La fetta più ampia di assunzioni riguarderà i prof. Circa 9mila verranno immessi in ruolo già quest’anno (con decorrenza giuridica retrodata al 1° settembre 2019) per riempire altrettanti vuoti che sono stati provocati da Quota 100 ma non sono stati riempiti a inizio anno per una serie di ritardi amministrativi. A questi si aggiungeranno altri 48mila posti per insegnare nelle scuole medie e superiori: metà attraverso un concorso ordinario aperto ai neolaureati (che non arriveranno in cattedra prima del 2021/22) e metà attraverso un concorso straordinario (e semplificato visto che si comporrà solo di uno scritto al Pc e di una lezione simulata da passare almeno con 7/10) riservato ai precari con 3 anni di servizio tra l’anno scolastico 2008/2009 e il 2019/2020.

le assunzioni nella scuola
Le 70mila assunzioni nella scuola (Il Sole 24 Ore, 20 dicembre 2019)

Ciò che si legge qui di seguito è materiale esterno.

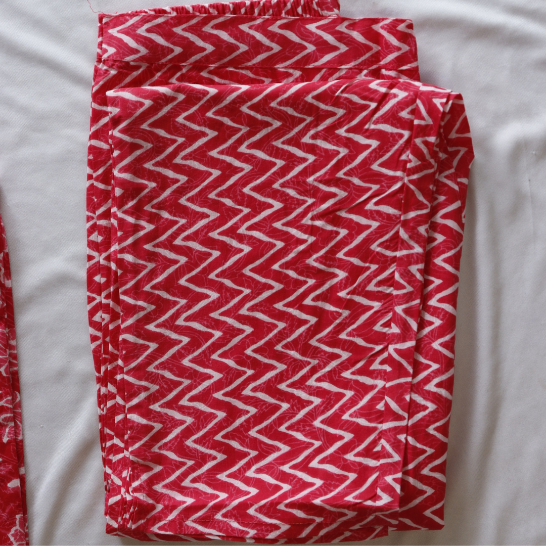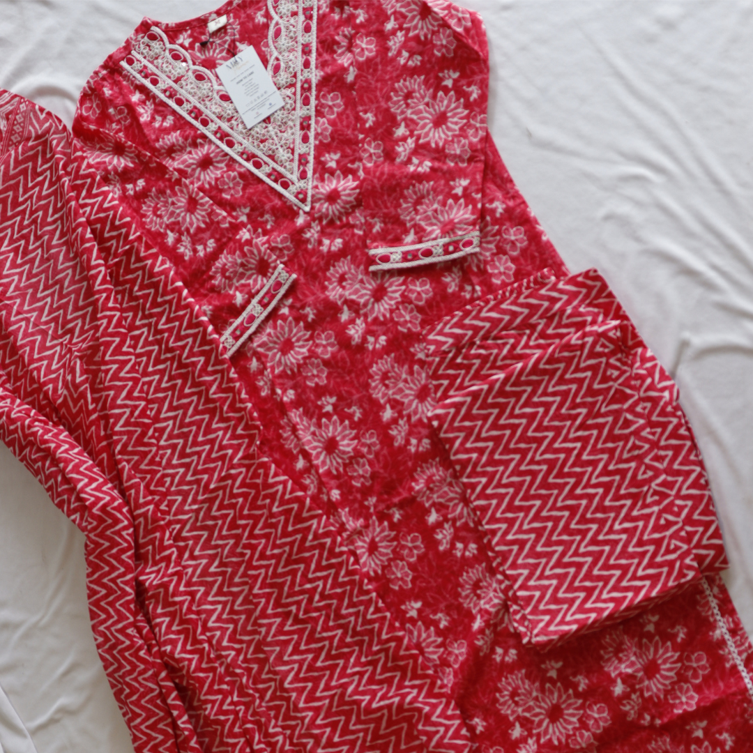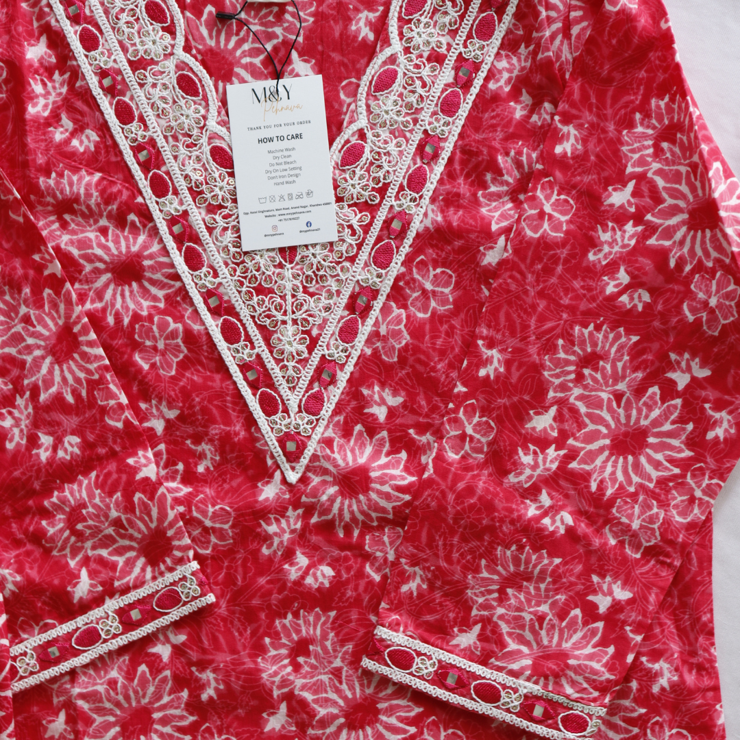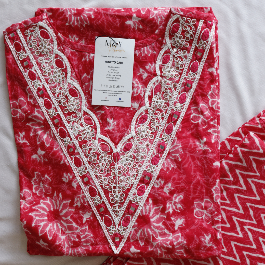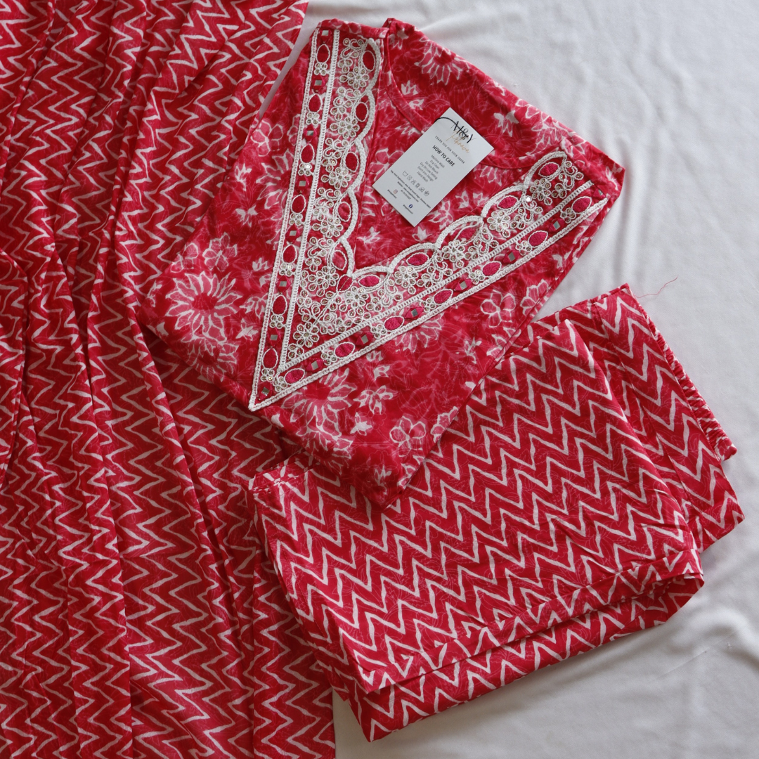 Angrakha Cherry Red Cotton Suit Set - M&Y Pehnava

Almeno in partenza le due selezioni viaggeranno in parallelo, tant’è che il Miur è intenzionato a emanare i due bandi entro febbraio; dopodiché si separeranno e solo i vincitori dello “straordinario” potranno essere assunti già nel 2020/21. Per gli altri se ne parlerà nel 2021/22. A questa platea già ampia si aggiungerà poi un contingente (ancora da quantificare) di prof di religione cattolica a cui sarà destinato un concorso ad hoc, a distanza di oltre 15 anni dal precedente.